Como escolher um especialista em retina no Rio de Janeiro?

A escolha do especialista é um dos fatores mais determinantes para o sucesso de uma cirurgia de retina. O retinólogo é o oftalmologista com formação específica em doenças vitreorretinianas, habilitado a realizar procedimentos diagnósticos avançados (como OCT de alta resolução, angiofluoresceinografia, ultrassonografia ocular) e intervenções cirúrgicas complexas.

Ao buscar um especialista em retina no RJ, considere os seguintes critérios baseados em evidências e nas diretrizes do Conselho Federal de Medicina (CFM) e da Sociedade Brasileira de Oftalmologia (SBO):

  • Registro no CRM-RJ ativo e habilitação em oftalmologia com área de atuação em retina e vítreo;
  • Formação em centro de referência reconhecido pela SBO ou por sociedades internacionais como a American Academy of Ophthalmology (AAO) ou a European Society of Retina Specialists (EURETINA);
  • Experiência documentada no tipo de procedimento necessário ao seu caso específico;
  • Infraestrutura adequada do centro cirúrgico, com equipamentos de última geração como sistemas de vitrectomia de alta velocidade de corte e visualização panorâmica intraoperatória;
  • Comunicação clara sobre riscos, benefícios e expectativas reais do procedimento, em conformidade com os princípios éticos do CFM (Resolução CFM nº 2.217/2018 — Código de Ética Médica).

Uma consulta presencial com o especialista antes de decidir pela cirurgia é fundamental. Durante essa avaliação, o médico realizará exames completos, discutirá a conduta mais adequada ao seu caso e esclarecerá todas as suas dúvidas com base em evidências científicas atualizadas.

Perguntas Frequentes sobre Cirurgia de Retina

A cirurgia de retina dói?

Na maioria dos casos, a cirurgia de retina é realizada sob anestesia local com sedação, de forma que o paciente não sente dor durante o procedimento. No pós-operatório imediato, pode ocorrer desconforto ocular leve, controlado com analgésicos orais prescritos pelo médico.

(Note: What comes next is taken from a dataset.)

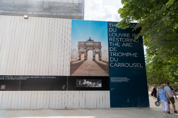何の看板かと思えば、ルーヴル美術館とチュイルリー公園との間に新たに凱旋門を作る案内である。
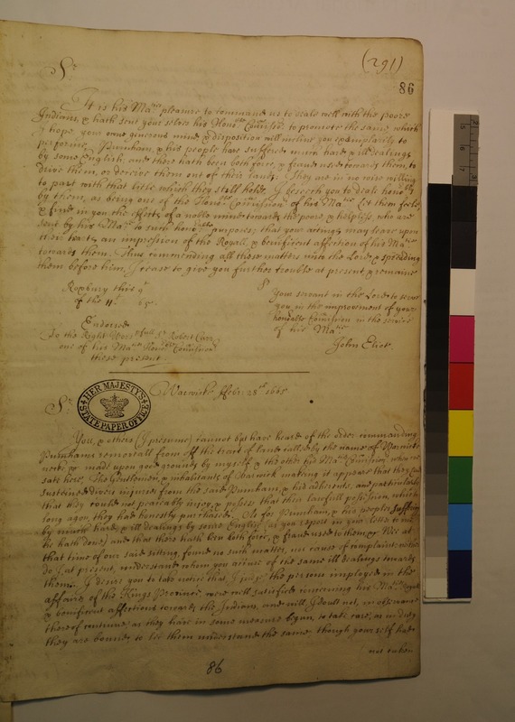 King's Commissioners to Lord Arlington regarding Pumham and the Indians with him

Quanto tempo dura a recuperação da cirurgia de retina?

A recuperação varia conforme a técnica e a complexidade do caso. Em geral, a restrição de atividades intensas dura de 2 a 4 semanas. A visão pode continuar melhorando por até 3 a 6 meses. O médico definirá o cronograma de retornos e liberações de forma individualizada.

A cirurgia de retina é coberta pelo plano de saúde?

Sim, os principais procedimentos cirúrgicos de retina — como vitrectomia e cerclagem escleral — estão no Rol de Procedimentos da ANS. A cobertura depende do contrato do plano. Consulte sua operadora com o código TUSS do procedimento indicado pelo seu médico para confirmar a cobertura.

Quais são os riscos da cirurgia de retina?

Como toda cirurgia ocular, a cirurgia de retina apresenta riscos, incluindo: infecção intraocular (endoftalmite), sangramento, catarata acelerada, hipertensão ocular, re-descolamento de retina e perda visual. A taxa de complicações graves é baixa em centros especializados. O especialista discutirá cada risco individualmente.

Posso operar os dois olhos ao mesmo tempo?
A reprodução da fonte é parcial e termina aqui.